EXERCISE BRIEF:
From the listing below, reproduce exactly the lines starting with the one with "This elegant sleeveless" and going on through the one with "At 221A Baker", both ends kept. No picture is copied.

MATERIAL FOR THIS EXERCISE:
^^^^^^^^

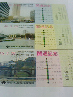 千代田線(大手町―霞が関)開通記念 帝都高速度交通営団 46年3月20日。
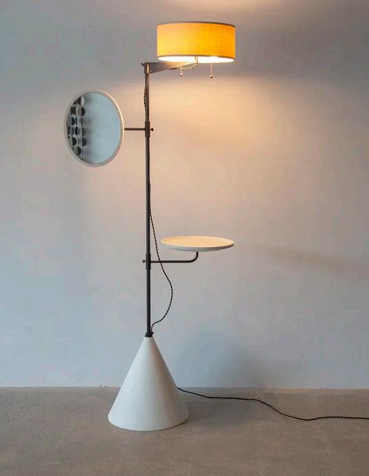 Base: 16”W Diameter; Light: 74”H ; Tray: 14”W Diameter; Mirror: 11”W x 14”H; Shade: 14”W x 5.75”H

^^^^^^^^

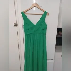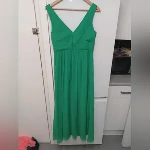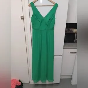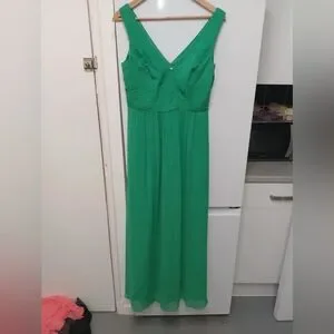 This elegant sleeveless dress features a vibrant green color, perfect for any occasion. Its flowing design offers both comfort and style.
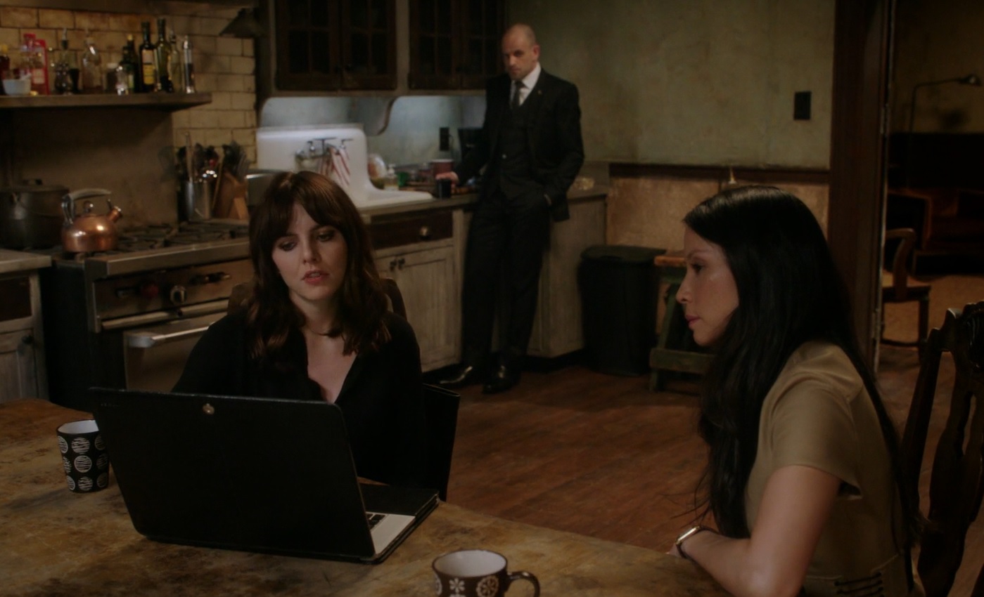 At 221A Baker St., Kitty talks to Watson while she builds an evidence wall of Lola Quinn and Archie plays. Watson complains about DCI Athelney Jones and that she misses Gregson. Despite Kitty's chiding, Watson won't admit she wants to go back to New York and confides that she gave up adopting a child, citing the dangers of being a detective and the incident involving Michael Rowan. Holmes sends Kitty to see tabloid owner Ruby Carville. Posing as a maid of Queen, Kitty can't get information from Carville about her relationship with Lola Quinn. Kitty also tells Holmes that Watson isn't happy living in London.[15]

^^^^^^^^

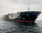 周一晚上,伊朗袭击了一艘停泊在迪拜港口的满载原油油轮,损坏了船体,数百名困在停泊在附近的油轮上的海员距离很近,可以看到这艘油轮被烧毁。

^^^^^^^^

ANSWER FOR THE TASK:
 This elegant sleeveless dress features a vibrant green color, perfect for any occasion. Its flowing design offers both comfort and style.
 At 221A Baker St., Kitty talks to Watson while she builds an evidence wall of Lola Quinn and Archie plays. Watson complains about DCI Athelney Jones and that she misses Gregson. Despite Kitty's chiding, Watson won't admit she wants to go back to New York and confides that she gave up adopting a child, citing the dangers of being a detective and the incident involving Michael Rowan. Holmes sends Kitty to see tabloid owner Ruby Carville. Posing as a maid of Queen, Kitty can't get information from Carville about her relationship with Lola Quinn. Kitty also tells Holmes that Watson isn't happy living in London.[15]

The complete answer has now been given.